» **EXERCISE DATA**
=== Begin Enclosure ===
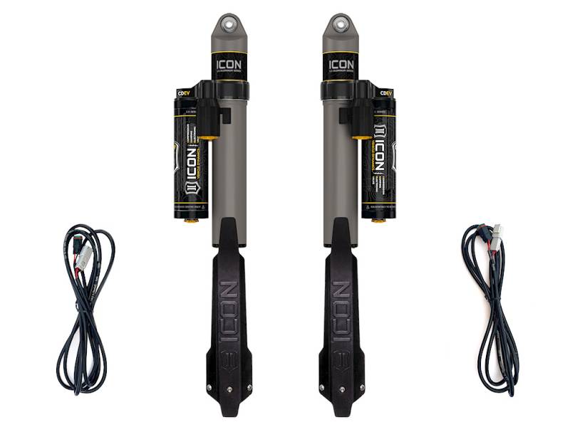 20-23 JT 1.5" REAR 2.5 VS PB CDEV PAIR ICON Vehicle Specific (V.S.) 2.5 Aluminum Series shocks with CDEV are designed and built to give your vehicle outstanding performance off-road and a smooth ride on the street. These shocks are configured specifically for each application in both length and damping tune. For piggyback and specific remote reservoir applications, ICON'S unique use of a 6061 billet aluminum manifold a few inches below the top cap of the shock creates an internal Bump Zone that when used creates an additional 20% of damping force. This additional force helps prevent harsh bottom outs and controls the suspension when compressing at high velocity. Like all ICON'S Shock Absorbers, V.S. 2.5 Aluminum Series shocks with CDEV are 100% rebuildable and 100% revalveable. ICON's CDE Valve technology allows for in vehicle adjustment of compression damping settings and active adjustment via the ICON Intelligent Control (IIC) ICON’s internal “Bump Zone” increases damping by 20% to provide more control as the shock approaches full compression One-piece, hard anodized, impact extruded aluminum cylinders offer excellent corrosion resistance and consistent finish Remote reservoir design improves heat dissipation to reduce shock fade during prolonged use Premium grade 5WT shock oil for consistent suspension damping along a wide temperature range
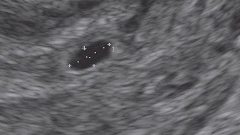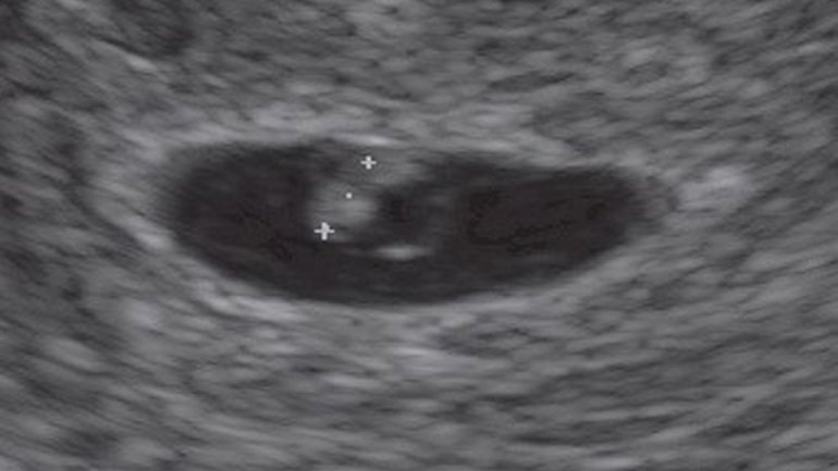 Rechts im Bild ist die Fruchthöhle (schwarz) zu sehen. Der Embryo ist jetzt etwa zwei Millimeter lang und auf dem Ultraschall zu dieser Zeit oft noch nicht zu erkennen. Trotzdem beginnt in dieser Woche das Herz des Embryos zu schlagen.
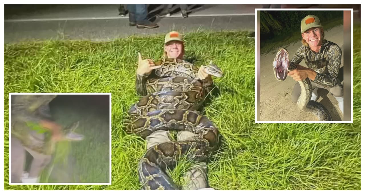 Un adolescente de 18 años de Fort Myers captura a un enorme pitón de casi 100 libras de peso y 15 pies de largo. Las pitones birmanas causan estragos en los Everglades y muchos animales han desaparecido debido al apetito insaciable de estas serpientes.
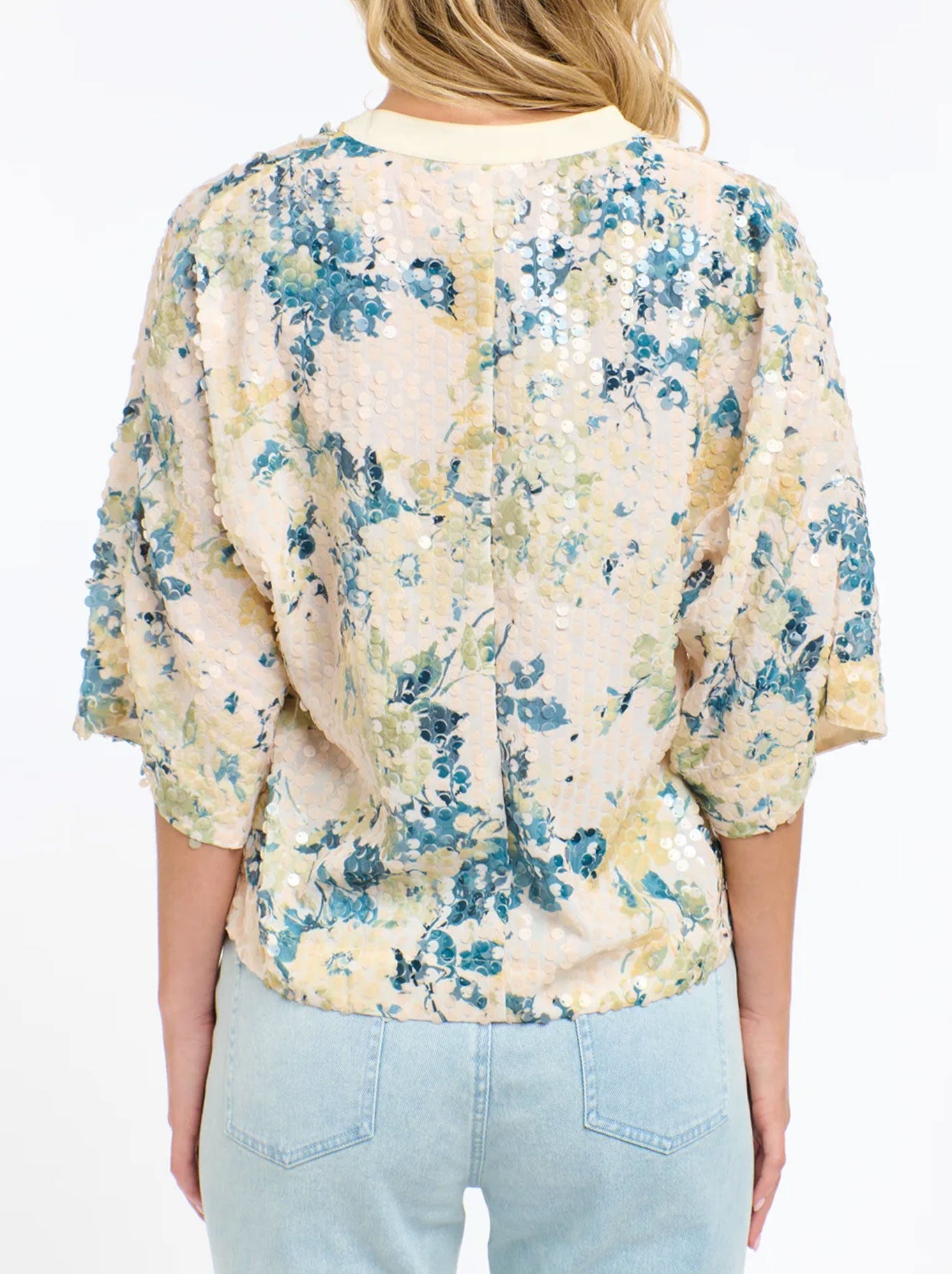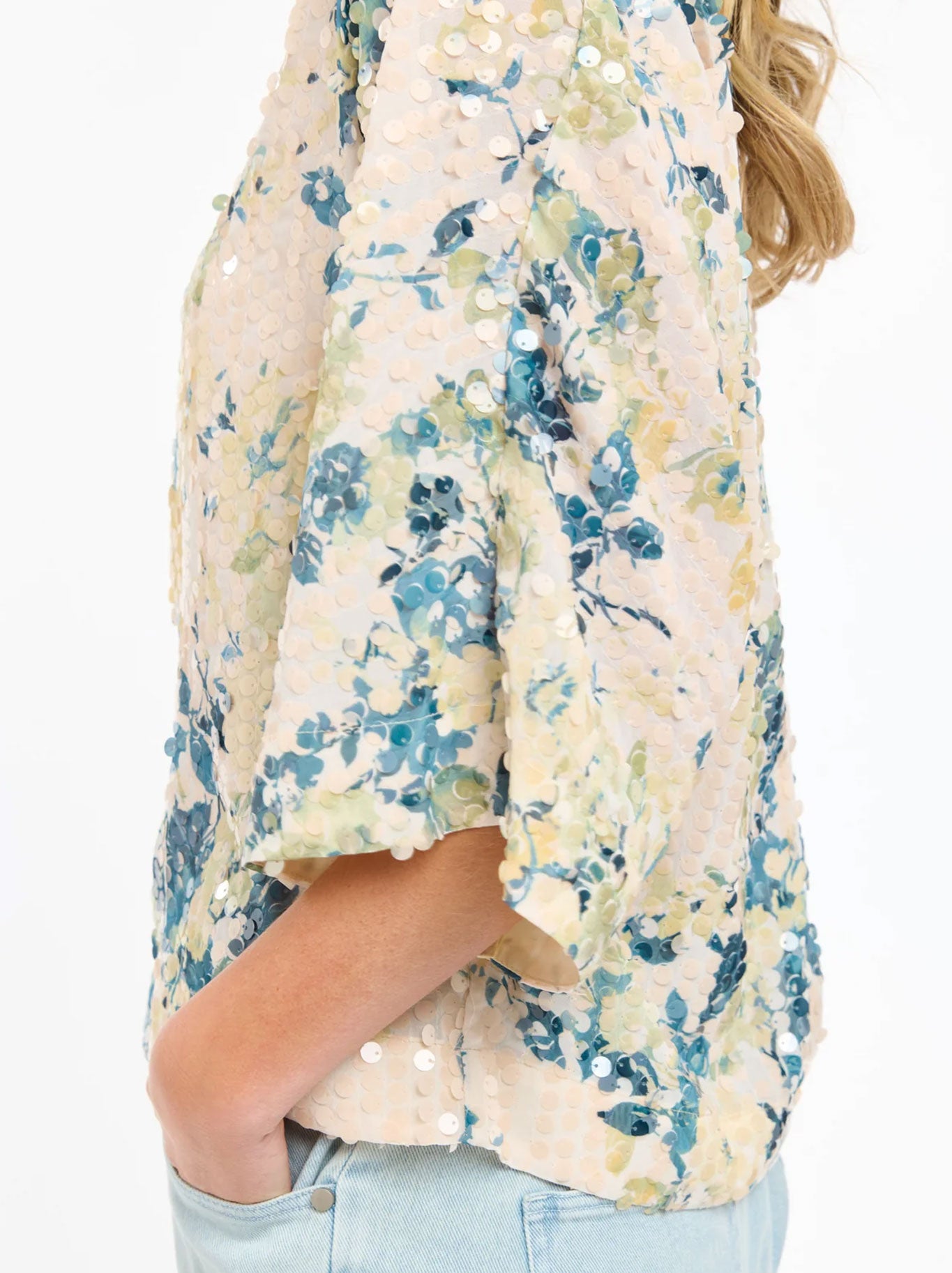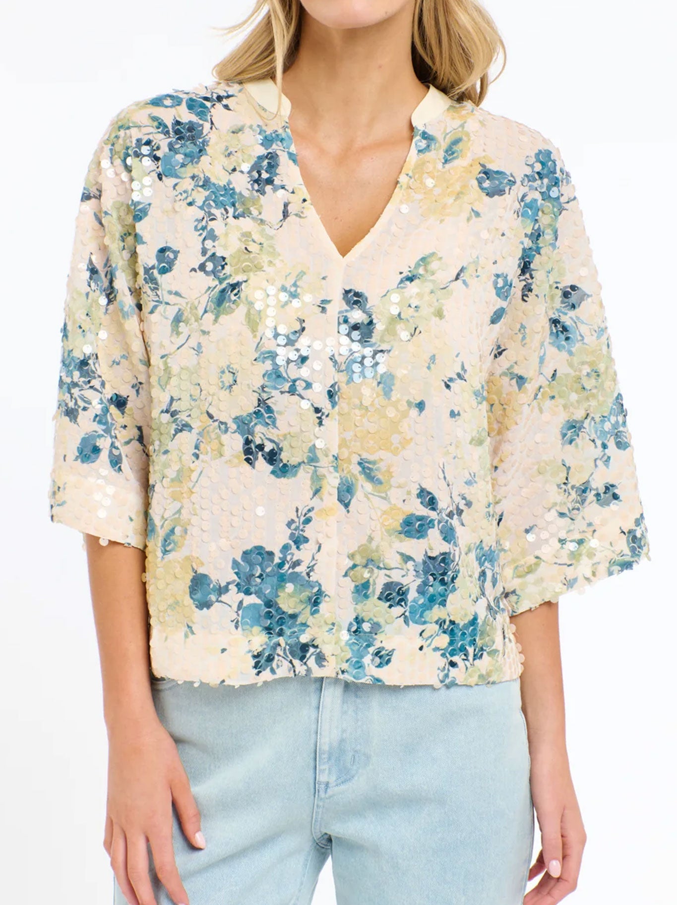 Shimmer meets softness in the 365 Days Geisha Sequins Top. A beautifully subtle floral base catches the light with delicate all-over sequins, while the lightweight feel keeps it wearable from lunch to late. The relaxed cut and clean V-neck sit neatly over denim by day, then dress up with a skirt or tailored pant and a heel at night.
=== End Enclosure ===
» **DIRECTIONS FOR THIS TASK**
Transcribe the listing in full. Omit the pictures and keep every line exact.

» **TASK RESPONSE**
 20-23 JT 1.5" REAR 2.5 VS PB CDEV PAIR ICON Vehicle Specific (V.S.) 2.5 Aluminum Series shocks with CDEV are designed and built to give your vehicle outstanding performance off-road and a smooth ride on the street. These shocks are configured specifically for each application in both length and damping tune. For piggyback and specific remote reservoir applications, ICON'S unique use of a 6061 billet aluminum manifold a few inches below the top cap of the shock creates an internal Bump Zone that when used creates an additional 20% of damping force. This additional force helps prevent harsh bottom outs and controls the suspension when compressing at high velocity. Like all ICON'S Shock Absorbers, V.S. 2.5 Aluminum Series shocks with CDEV are 100% rebuildable and 100% revalveable. ICON's CDE Valve technology allows for in vehicle adjustment of compression damping settings and active adjustment via the ICON Intelligent Control (IIC) ICON’s internal “Bump Zone” increases damping by 20% to provide more control as the shock approaches full compression One-piece, hard anodized, impact extruded aluminum cylinders offer excellent corrosion resistance and consistent finish Remote reservoir design improves heat dissipation to reduce shock fade during prolonged use Premium grade 5WT shock oil for consistent suspension damping along a wide temperature range
 Rechts im Bild ist die Fruchthöhle (schwarz) zu sehen. Der Embryo ist jetzt etwa zwei Millimeter lang und auf dem Ultraschall zu dieser Zeit oft noch nicht zu erkennen. Trotzdem beginnt in dieser Woche das Herz des Embryos zu schlagen.
 Un adolescente de 18 años de Fort Myers captura a un enorme pitón de casi 100 libras de peso y 15 pies de largo. Las pitones birmanas causan estragos en los Everglades y muchos animales han desaparecido debido al apetito insaciable de estas serpientes.
 Shimmer meets softness in the 365 Days Geisha Sequins Top. A beautifully subtle floral base catches the light with delicate all-over sequins, while the lightweight feel keeps it wearable from lunch to late. The relaxed cut and clean V-neck sit neatly over denim by day, then dress up with a skirt or tailored pant and a heel at night.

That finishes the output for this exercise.